首頁 女生 都市言情 特種兵重生古代,開局五個拖油瓶

第732章 劉太醫的「到來」

  第三天上午,二狗天沒亮就起來了。

  他洗了臉,梳了頭,把那件青灰色的短褂穿上——上回去劉家穿的那件,洗乾淨了,疊得整整齊齊放在枕頭邊上。他對著銅盆裡的水照了照,覺得還行,就是黑了點。他又抹了點桂花油,這回隻抹了一點點,聞著不沖鼻子。

  然後他跑到藥材種植區,最後檢查了一遍。土是松的,苗是齊的,壟是直的,地頭上連一片落葉都沒有。他滿意地點點頭,走到門口等著。

  老吳跟在他後面,打了個哈欠:「二少爺,劉太醫說了上午來,沒說卯時來。您這麼早等著,站到辰時?」

  二狗說:「等著就等著。萬一人家早來了呢?」

  老吳不說話了,搬了把椅子坐在門口,陪著等。

  辰時剛過,遠處出現了一輛馬車。青布篷子,一匹老馬拉著的,走得不快,慢悠悠的。二狗的心提到了嗓子眼,他站在門口,手心全是汗,腿肚子又開始打顫了。

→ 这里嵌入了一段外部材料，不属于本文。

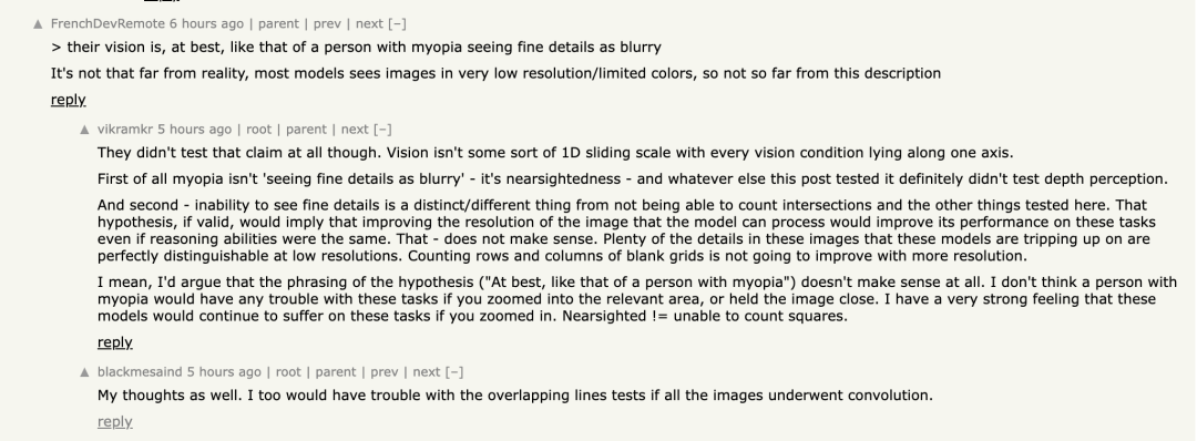 有网友认为,这篇论文的测试并不能说明 VLMs「近视」。首先近视的人看细节并不模糊,「看细节模糊」是远视的症状。其次,看不见细节与不能计算交点的数量是两回事。计算空白网格的行和列的数量的准确率,不会因为分辨率的提高而提高,而提高图像的分辨率对于理解这个任务并没有帮助。此外,提高图像分辨率对于理解这个任务中的重叠线条或交叉点并不会产生显著影响。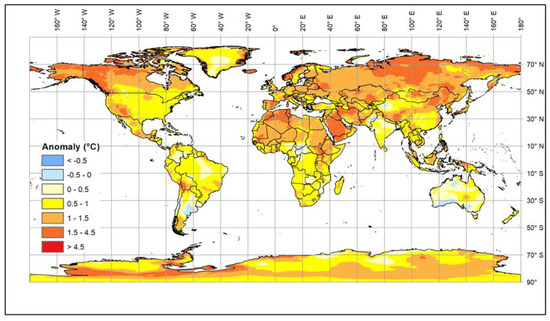 Climate change is generally causing an increase in global temperatures (see Box 1). The most recent estimates [1] suggest that a 1.5 °C warming compared to the 1850–1900 baseline will be reached in the second half of the current decade, but, in addition, there are longer cold periods and increased levels of solar radiation [2,3,4,5,6] (Figure 1).

  馬車在門口停下來。劉福跳下車,掀開簾子。劉太醫從車裡探出頭來,花白頭髮,臉上皺紋很深,眼睛很亮,跟三娃說的一模一樣。他手裡拄著竹杖,劉福扶著他慢慢下了車。

  二狗趕緊迎上去,行了個禮:「劉伯父,晚輩蕭承志。」

  劉太醫打量了他一眼。黑臉膛,粗胳膊,手上全是繭子,穿著一件乾乾淨淨的青灰色短褂,站在門口,腰桿挺得筆直。看著就是個踏實人。

  「嗯,」劉太醫點點頭,「帶老夫看看吧。」

  二狗應了一聲,轉身領路。他走得穩,但步子不大,特意放慢了,等劉太醫跟上。劉太醫看了他一眼,沒說話,跟著他走。

  走進祥瑞莊的大門,劉太醫的腳步停了一下。

  他見過不少莊子。京城的皇莊、城南的田莊、江南的農莊,都去過。但祥瑞莊不一樣。不是那種青磚黛瓦、曲徑通幽的文人園林,也不是那種土牆茅頂、雞飛狗跳的普通農莊。它有一種說不清道不明的——整齊。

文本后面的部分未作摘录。